In fairness, the Times interview which drew so much ire did include some professionalism: urged by the reporter to talk about “my recipe for Yorkshire puddings or what really made me cry” (at the despatch box in July), Reeves counters that “people don’t want to read about [that]”. She wanted to show them, instead, “that they can trust me with their money”; “I’m not a public personality. I’m not in showbusiness. I’m the chancellor.” Quite right, Rachel! Reintroducing a frosty remoteness to public office would lend politics, and in particular this beleaguered Chancellor, some “headroom” to get on with the job — a little personal distance would go a long way. A shame, then, that in order to drive this point home Reeves continued: “I’m a mum with two kids. I’m a wife and a daughter. I wasn’t born into this and I’m just trying to do my best.”

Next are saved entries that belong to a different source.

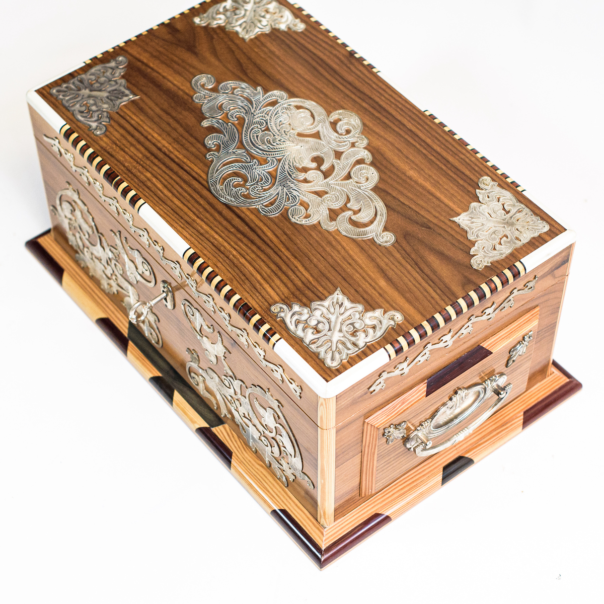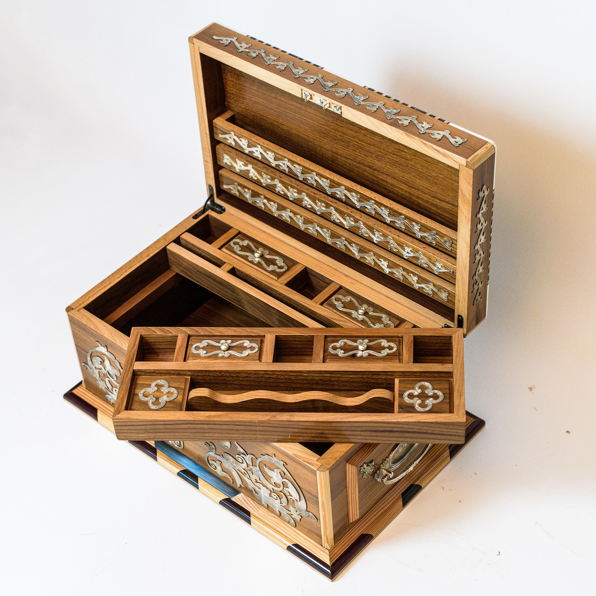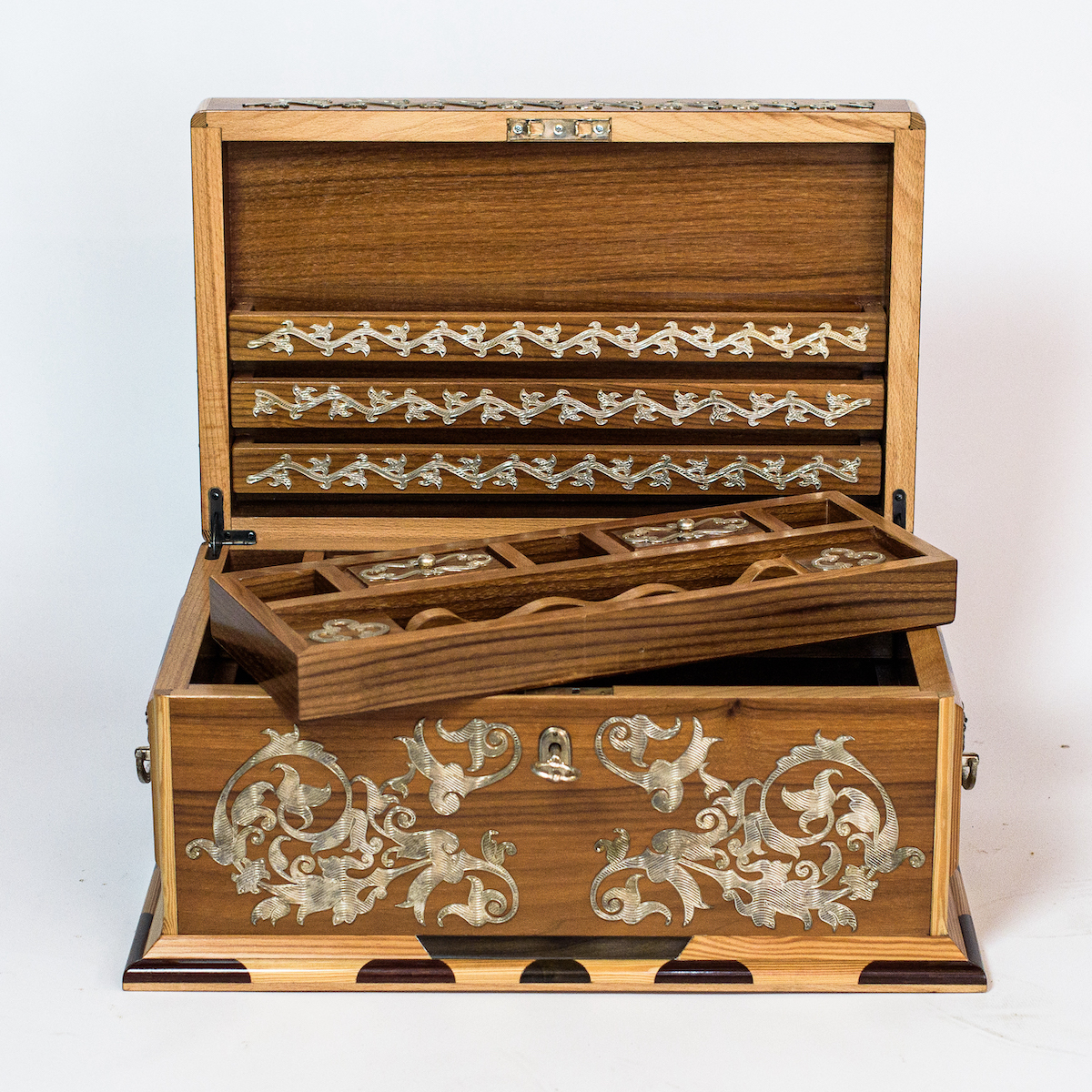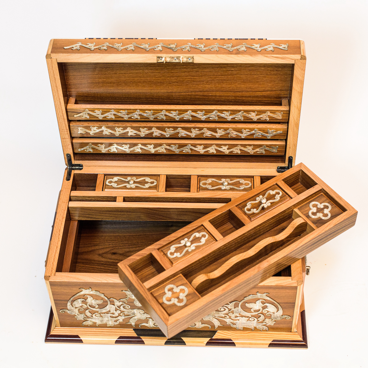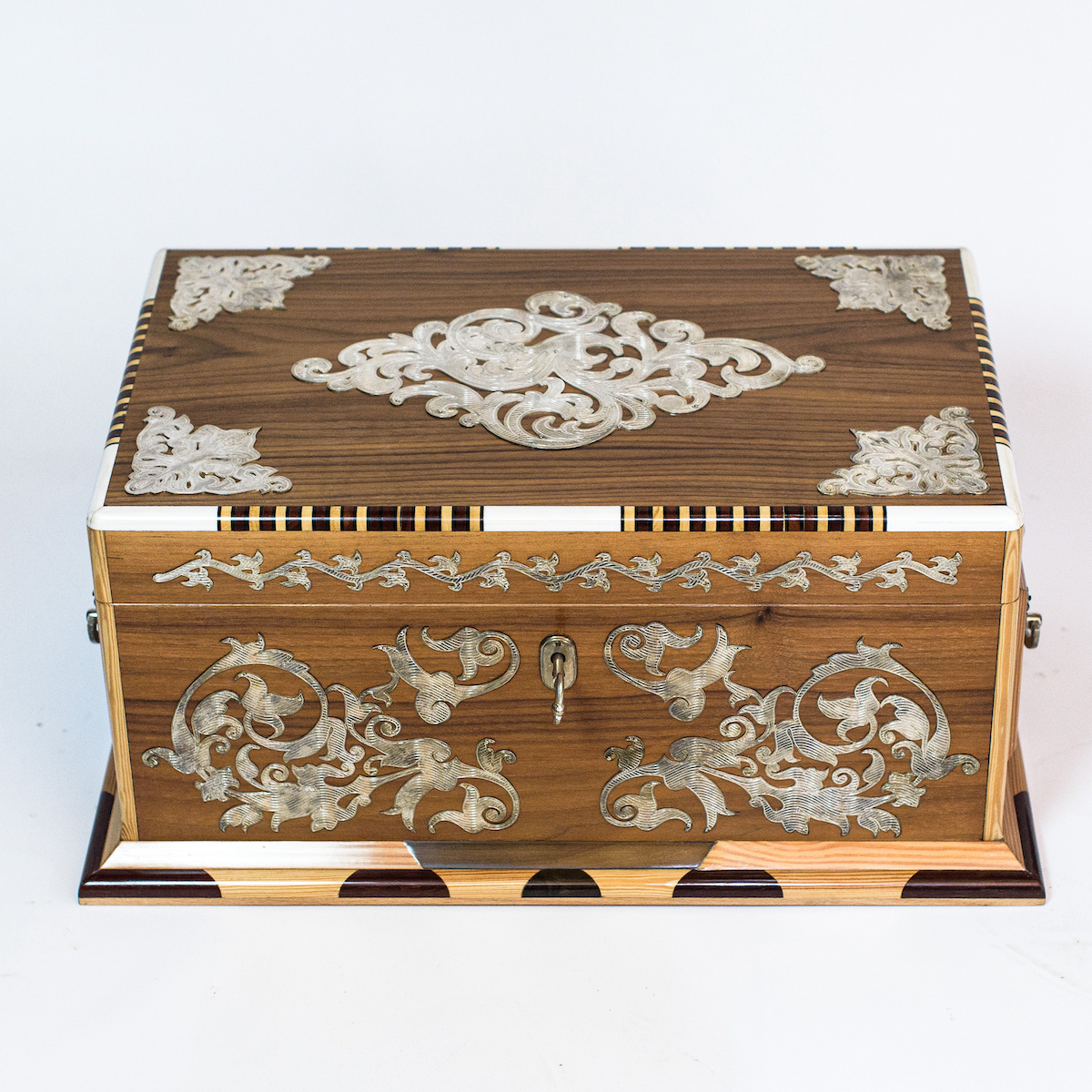 The elaborate adornment with the iridescence of intricate mother of pearl designs makes it a breathtaking piece for storing personal fashion items. The rhythmic line design gives the beautiful panache to this unique shaped jewelry box. Plus, it has a hidden compartment and key to lock it.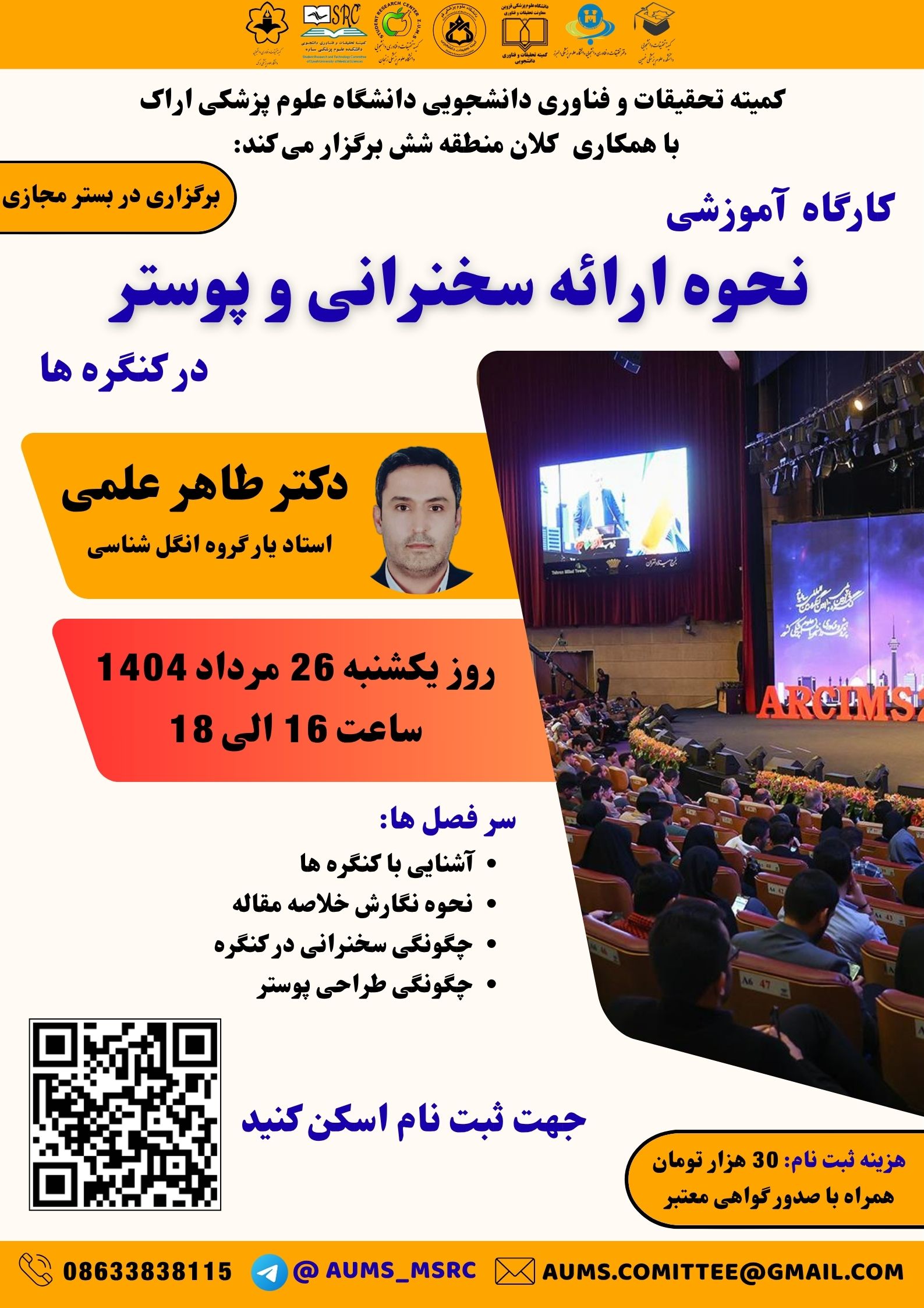 کارگاه نحوه ارائه سخنرانی و پوستر در کنگره ها- دکتر طاهر علمی-۲۶ مرداد ۱۴۰۴ تعداد بازدید:۱۰ ارسال به دیگران نام شما ایمیل شما ایمیل دریافتکننده ارسال انصراف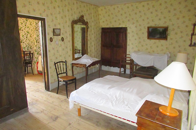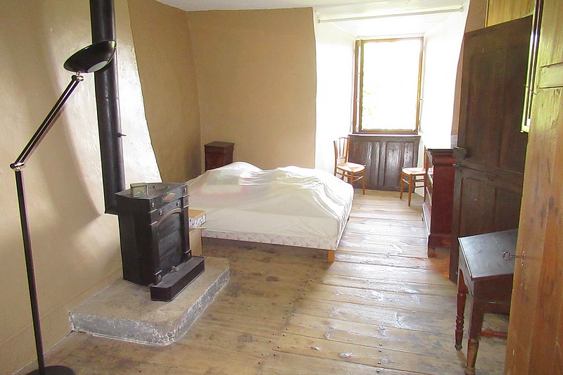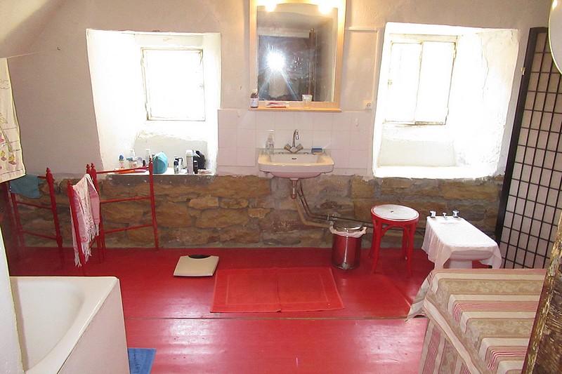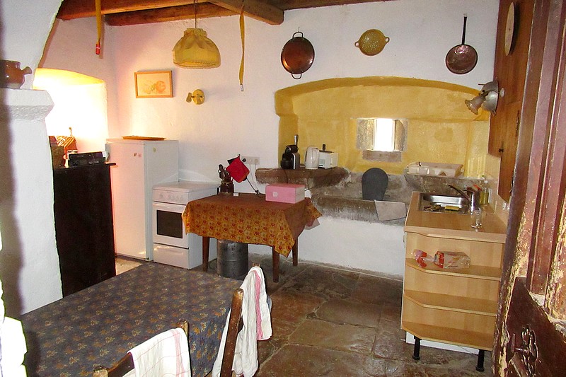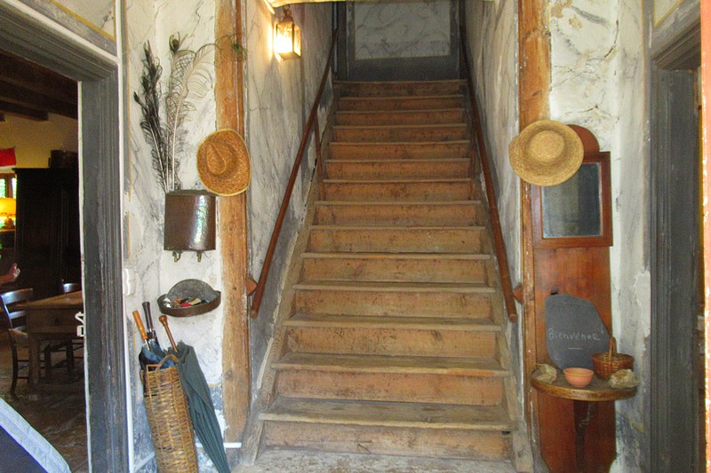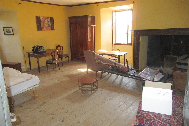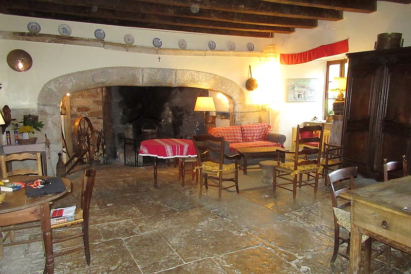 -RdC : un perron, une salle à vivre avec cheminée “cantou” et dallage en pierre de 60 m², une cuisine et un salon/chambre de 40 m²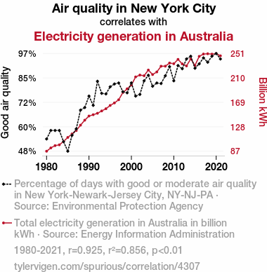 - The spurious research paper: Electrifying Connections: The Shocking Link Between Air Quality in New York City and Electricity Generation in Australia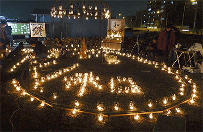 藤が丘駅前公園では9日、「横浜から鎮魂と希望の明かりを灯そう」と題し、キャンドルナイトが行われた。これは、藤が丘商店会メンバーらとともしびプロジェクト横浜with紫苑が中心となり開催されたもの。
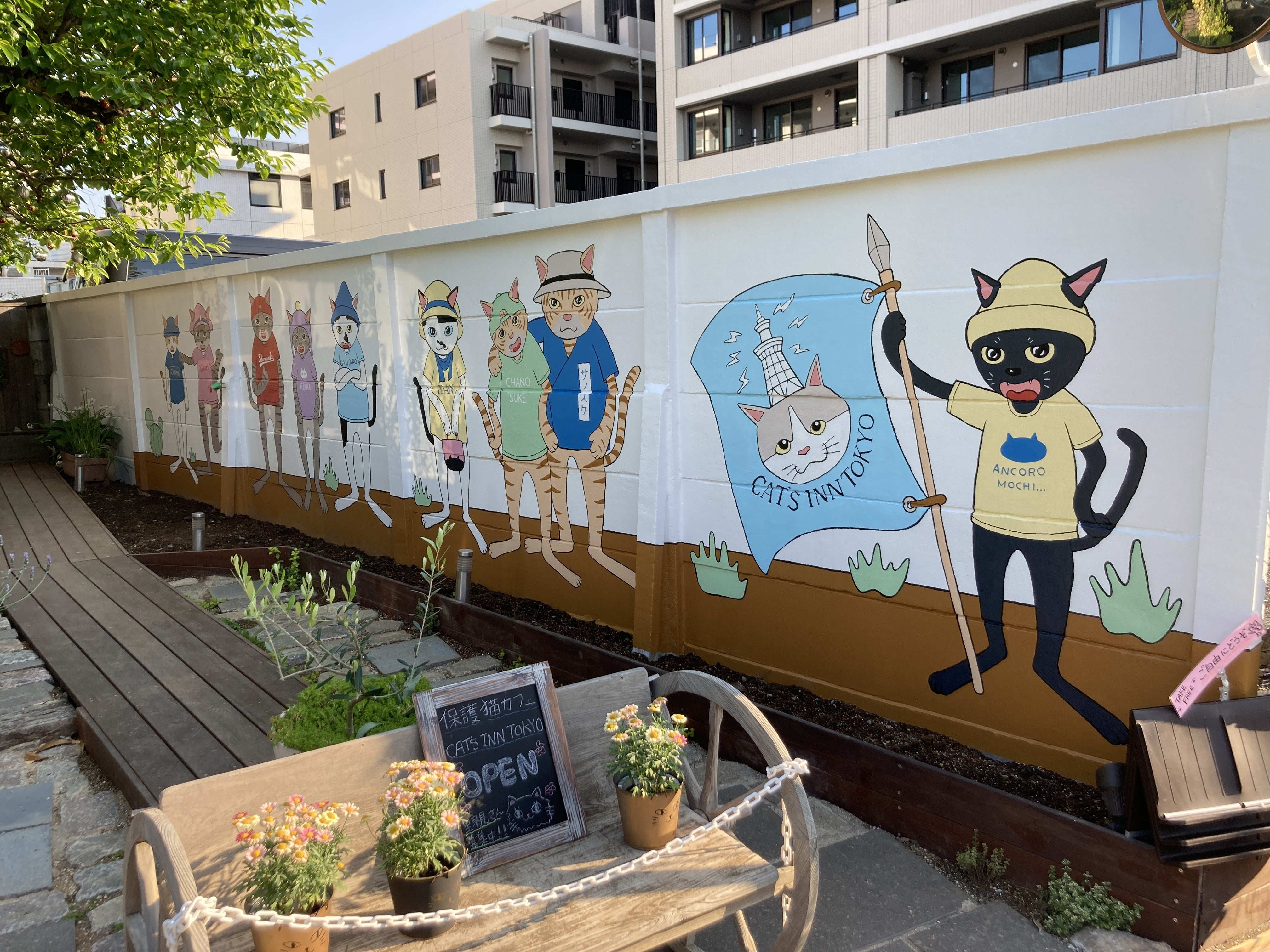 2022/06/10 20:00皆様のご支援により、壁画制作&造園が完了いたしました♪日頃よりキャッツイン東京をご支援くださりありがとうございます。表題の件でご報告です。お店に遊びに来てくださっている方はご存知ですが当初よりクラウドファンディングの目的であった壁画制作及び造園工事が完了いたしました!お店が生まれかわったような明るさになり、写真を撮ってくださる方々や、立ち止まり「わあ!」と声を上げてくれる子どもたちなど当初の想定を上回る反響にスタッフ一同、大変喜んでおります。また、造園によりお店入り口までの導線が整備されたため、当日飛び込みでのお客さまや、興味を持って、店先を覗きに来てくださるお客様が格段に増えました。これらひとえに、猫たちを想いご支援をくださるみなさまのお力添えのおかげです。↑失敗したパノラマ撮影笑 でも雰囲気は伝わりますか??クラウドファンディング一部リターンを商品化!一部リターンを商品化、店頭販売しております。一押しはくまくらガハクによる描き下ろし作品のポストカード!手書きの質感を再現したいので通常のポストカードよりも、厚手でファンシーな紙質を選び高品質な印刷で仕上げました!その分、原価がかかってしまいましたが、額に入れればお部屋に飾ってもさまになりますよ。ECサイトでも取り扱っています。https://catsinntokyo.easy-myshop.jp/新しいキャッツイン東京にぜひ遊びにきてくださいね♪ もっと見る

Oh, as long as you’re trying your best! Whoever the public elects, man or woman, should be effective enough not to have to constantly appeal to their humanness and vulnerability. Situating the struggles of being a female politician in particular within the compensatory context of family life is a dire and regressive technique; were it Richard Reeves we were dealing with, we would never expect him to sweeten the pot of debilitating tax rises by reminding us that he is “a son”. The entire performance of relatability, endemic in contemporary politics, smacks of a hostage looking a gunman in the eye to stop him shooting: when women do it, what it reveals is not that these are exceptional operators who do it all and want us to bloody well know it, but that these are women scared of the public and insecure in their positions. In this, the vitriolic and often violent electorate is also to blame.
For schoolgirls following the tenure of the first female British chancellor, or the Millennial role model Jacinda Ardern, or indeed any number of Labour women — Jess Phillips, Stella Creasy, Angela Rayner — who constantly appeal to their inspirational stories of personal strife, the message is not that women can do anything. It’s that if you insist on doing it, you must also constantly roleplay apologetic femininity. How often do we hear these women speak about “imposter syndrome” — about how lucky they are to be there at all? The logic is that this framing excuses a shoddy job, or ideological lameness, or media mistakes. Male politicians, particularly white ones, almost never retreat to aspirational stories about their boyhood ambitions because they don’t have to explain why they’re there. Women do not either. To restore some of politics’ prestige and mystique, we must insist on a new contract with the public: seriousness, distance and inscrutability in exchange for a baseline of respect.